Vilma Lagnayo woke up on Saturday to a sobering reality – her family home of five years in the quiet coastal town of Manay in southern Philippines was gone.
The 56-year-old recalled that minutes before an offshore magnitude 7.4 quake hit at 9.43am on Friday, she was outside her house attending to house chores when the ground began to tremble softly.

Within seconds, the shaking turned violent – the walls of their house creaked and then collapsed, windows rattled, and the air filled with the sound of breaking glass and crashing furniture.

Lagnayo said she scrambled to the front of her house, where her 80-year-old mother was sitting in shock.

“I don’t know how we can start again. It really hurts because we’ve lost our home,” she told This Week in Asia in Tagalog, breaking into tears as she sat in a corner next to a pile of rubble where her house once stood.

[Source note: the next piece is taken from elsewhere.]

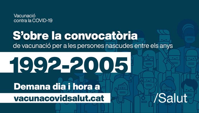 Totes les persones nascudes entre el 1992 i el 2005 poden començar des d'avui a demanar cita per vacunar-se a vacunacovidsalut.cat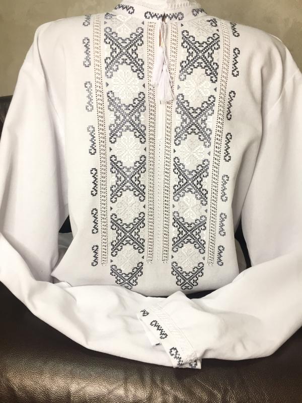 Поздравляем, Вас, это магазин вышиванок "Савчук Вышивка"! У нас Вы можете приобрести дизайнерские и стильные вышиванки ручной работы на каждый день. Перед заказом спросите есть ли размер налицо!!! Размер указывайте в комментариях!!! Есть возможность заказать украинские мужские размеры по размеру воротника (обхват шеи) в сантиметрах: 40-43 (размерная сетка на фото). На фото вышиванка 43 размера, объемом в груди – 126см. Данная рубашка прекрасно подходит, как для праздничной так и повседневной одежды, брюк, джинсов. Вышивка на рубашке – оберег для человека. Стиль вышивки – Низинка. Вышивка – ручная. Ткань – полотно. Цвет ткани – белый. Цвет вышивки – гуцульские тона. Длина рукава – длинный. Стирка – машинная автомат или ручная не более 40 градусов. Нити – водостойкие. Глажка – лучшее: после стирки, еще немного влажную рубашку погладить и вывесить. Мы уверены, Вы оцените практичность и богатство украинской вышиванки. Приятных и удачных покупок

Vilma Lagnayo sits beside her destroyed house in Manay, Davao Oriental, after a magnitude 7.4 earthquake hit the southern Philippines on Friday. Photo: Jeoffrey Maitem
Vilma Lagnayo sits beside her destroyed house in Manay, Davao Oriental, after a magnitude 7.4 earthquake hit the southern Philippines on Friday. Photo: Jeoffrey Maitem

In the neighbouring village of Poblacion, Mike Bandabon shared that at the height of the earthquake, his father, who was alone at home, was injured when a refrigerator fell on him.